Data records
++++++++++

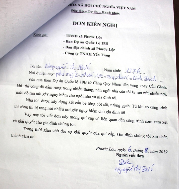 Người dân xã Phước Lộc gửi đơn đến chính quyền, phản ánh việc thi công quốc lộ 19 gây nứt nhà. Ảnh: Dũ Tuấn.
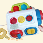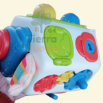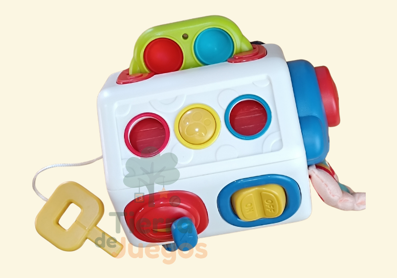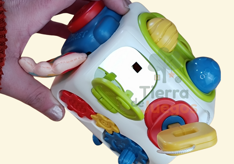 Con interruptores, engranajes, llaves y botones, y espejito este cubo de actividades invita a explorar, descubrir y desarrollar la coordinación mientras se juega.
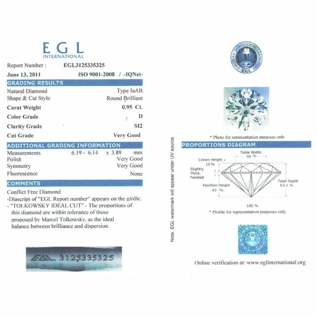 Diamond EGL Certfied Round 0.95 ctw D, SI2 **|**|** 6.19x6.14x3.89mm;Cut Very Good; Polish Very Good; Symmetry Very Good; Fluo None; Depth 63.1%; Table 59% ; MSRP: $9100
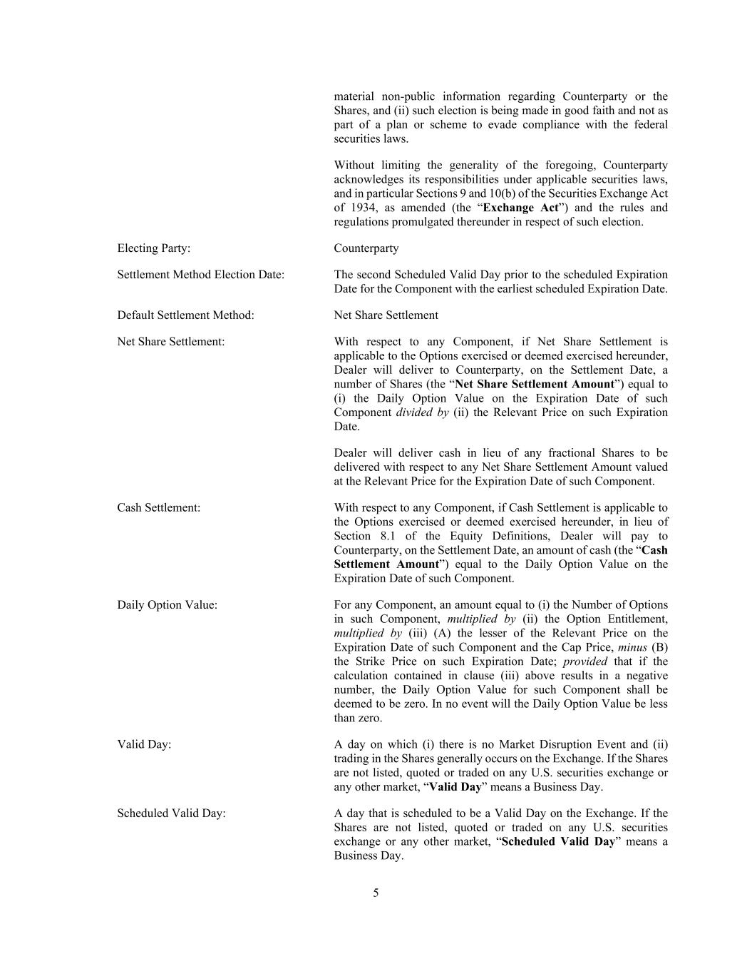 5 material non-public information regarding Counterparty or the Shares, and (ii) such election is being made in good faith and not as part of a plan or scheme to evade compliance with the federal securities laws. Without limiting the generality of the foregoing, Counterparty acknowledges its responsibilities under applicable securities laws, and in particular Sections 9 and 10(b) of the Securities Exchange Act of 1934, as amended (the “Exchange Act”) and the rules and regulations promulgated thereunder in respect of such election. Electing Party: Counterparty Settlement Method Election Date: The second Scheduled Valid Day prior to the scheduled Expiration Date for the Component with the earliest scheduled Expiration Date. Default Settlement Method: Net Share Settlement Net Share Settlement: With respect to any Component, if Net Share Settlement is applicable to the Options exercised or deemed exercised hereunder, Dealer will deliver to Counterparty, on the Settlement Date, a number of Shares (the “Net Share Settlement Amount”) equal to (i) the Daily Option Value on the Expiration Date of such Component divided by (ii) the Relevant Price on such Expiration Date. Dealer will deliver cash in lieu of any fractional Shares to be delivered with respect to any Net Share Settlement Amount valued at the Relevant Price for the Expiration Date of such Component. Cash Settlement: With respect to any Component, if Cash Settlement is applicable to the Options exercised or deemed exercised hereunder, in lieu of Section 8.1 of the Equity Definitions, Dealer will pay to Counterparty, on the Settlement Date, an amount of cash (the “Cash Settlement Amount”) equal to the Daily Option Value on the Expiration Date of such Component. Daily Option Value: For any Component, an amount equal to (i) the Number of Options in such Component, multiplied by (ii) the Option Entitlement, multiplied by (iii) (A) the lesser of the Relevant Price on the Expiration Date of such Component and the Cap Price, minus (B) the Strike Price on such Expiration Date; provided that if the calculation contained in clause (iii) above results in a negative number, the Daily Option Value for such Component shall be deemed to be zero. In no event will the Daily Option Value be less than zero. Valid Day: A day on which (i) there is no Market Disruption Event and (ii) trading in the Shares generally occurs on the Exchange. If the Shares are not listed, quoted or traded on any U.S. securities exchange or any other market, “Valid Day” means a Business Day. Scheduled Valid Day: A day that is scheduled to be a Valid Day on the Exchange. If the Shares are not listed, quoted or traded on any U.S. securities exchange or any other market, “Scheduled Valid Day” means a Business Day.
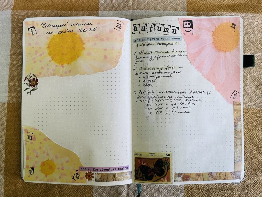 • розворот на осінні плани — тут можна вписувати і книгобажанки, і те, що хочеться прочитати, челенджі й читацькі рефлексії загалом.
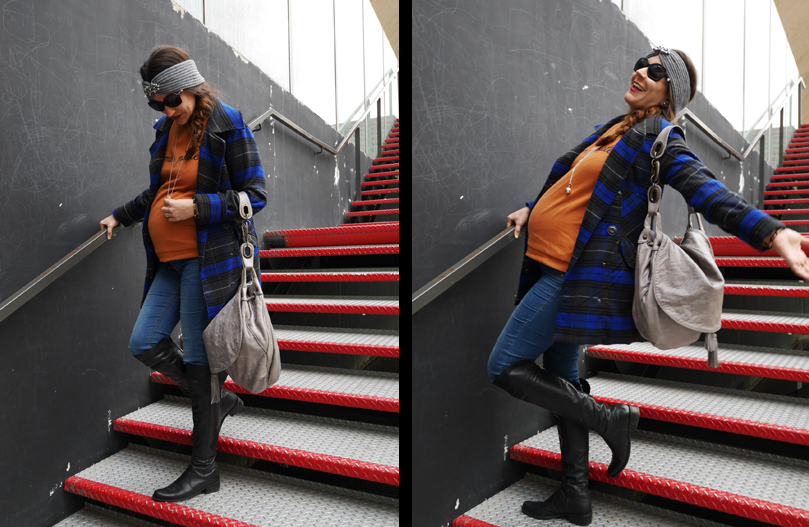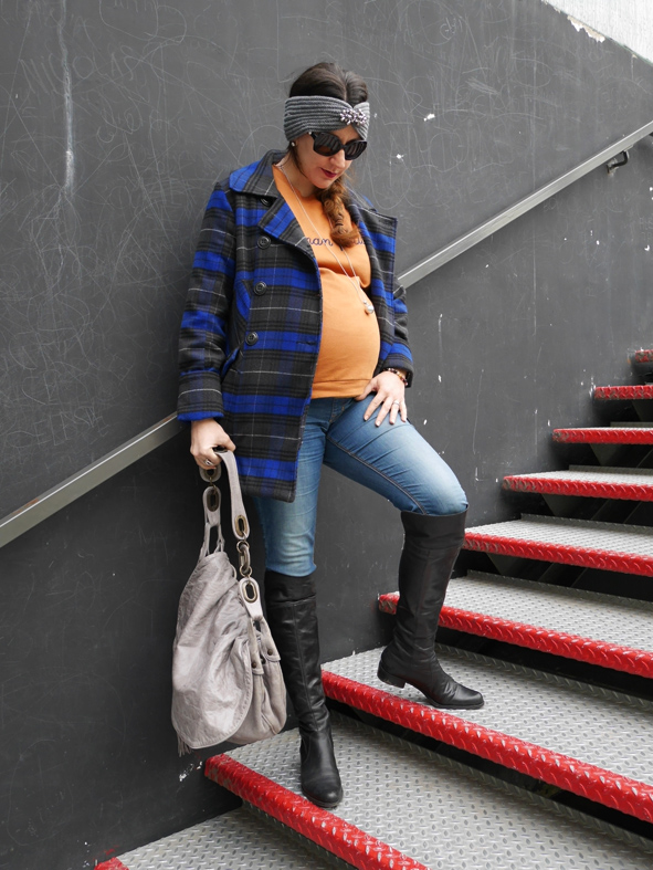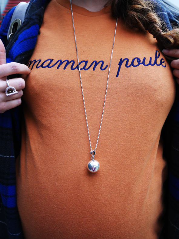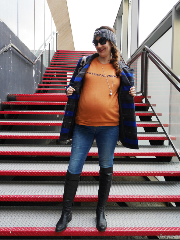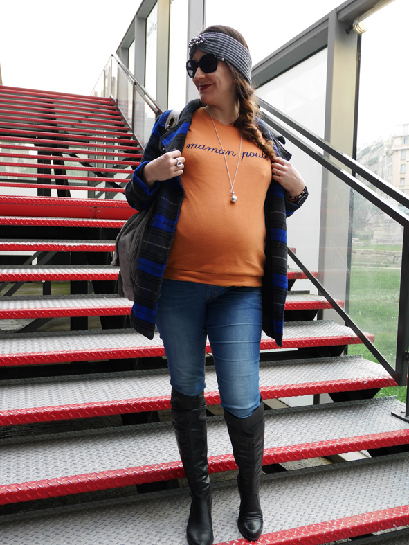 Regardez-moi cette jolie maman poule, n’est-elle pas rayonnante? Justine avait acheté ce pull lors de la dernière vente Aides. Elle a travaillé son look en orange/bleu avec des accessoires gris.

++++++++++

— Exercise directions —
The line with "Diamond EGL Certfied" ends the range, and the first line of the data begins it; repeat exactly those lines and nothing more, omitting pictures.

— Result of this task —
 Người dân xã Phước Lộc gửi đơn đến chính quyền, phản ánh việc thi công quốc lộ 19 gây nứt nhà. Ảnh: Dũ Tuấn.
 Con interruptores, engranajes, llaves y botones, y espejito este cubo de actividades invita a explorar, descubrir y desarrollar la coordinación mientras se juega.
 Diamond EGL Certfied Round 0.95 ctw D, SI2 **|**|** 6.19x6.14x3.89mm;Cut Very Good; Polish Very Good; Symmetry Very Good; Fluo None; Depth 63.1%; Table 59% ; MSRP: $9100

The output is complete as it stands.